Councilman Dodd is hoping Jackson can reduce violence in the city by adopting a program called "I-CARE". The acronym stands for Initiative - Community- Advocacy - Resilence - Empowerment.

Memphis has already successfully used the program. Now Jackson will use I-CARE to educate the community.

Dodd said, "It’s been a long time coming, a little delayed but not too late. Because of love, hope and perseverance that the people have in Jackson, Tennessee, each of us stand here to say 'I care.'”

The message behind I-CARE is, everyone has to get involved to stop violent crime in our community.

“We all may be different, slightly different shades, but we're all family, you know, we all live together. This is our community, it's our home, and we're going to do something about it," said US Marshall Tyreece Miller.

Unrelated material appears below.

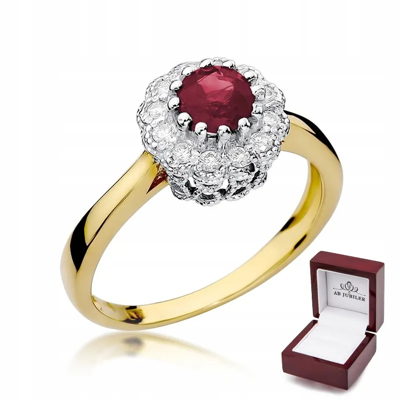 Pierścionek Żółte Złoto Rubin Diamenty

“It's not government driven. We don't have all the answers. We can't provide all the answers. We don't have all the ideas… every life in Jackson is precious. One life lost is one too many. But the way we respond to these tragedies is what defines us as a city," said Jackson Mayor Scott Conger.

“violent crime. And the solution is not a police issue or a prosecutor issue. It's a community issue. And we need everybody involved,” Josephy C. Murphys Jr the US attorney for the Western District of Tennessee said.

The Jackson Police Department is already using a campaign called "Blue Impact" to crack down on gun violence.

In about 6 weeks the police got nearly 50 illegal guns off the streets and made over 300 gun related arrests.

But police Chief Tom Corley believes solving the violence problem is going to take more than arrests, “We can't arrest our way out of this particular issue. It's a community issue, as the mayor said. And, you know, we have to have those partnerships. Collaboration and community involvement is something that I preach at the Jackson Police Department. And this is part of that. And I so welcome this. And I really appreciate and encourage everyone to be a part of."

An I-CARE summit involving both adults and children will be held in Jackson next month:.

Adults will attend four different worships: Gang Talk, How to have a great school year, Peace in the home and Mental Health Awareness.

Children will be taught how to deal with the trauma of violence.

The I-CARE summit is set for Saturday august 6th, from 10-2 at Lane College.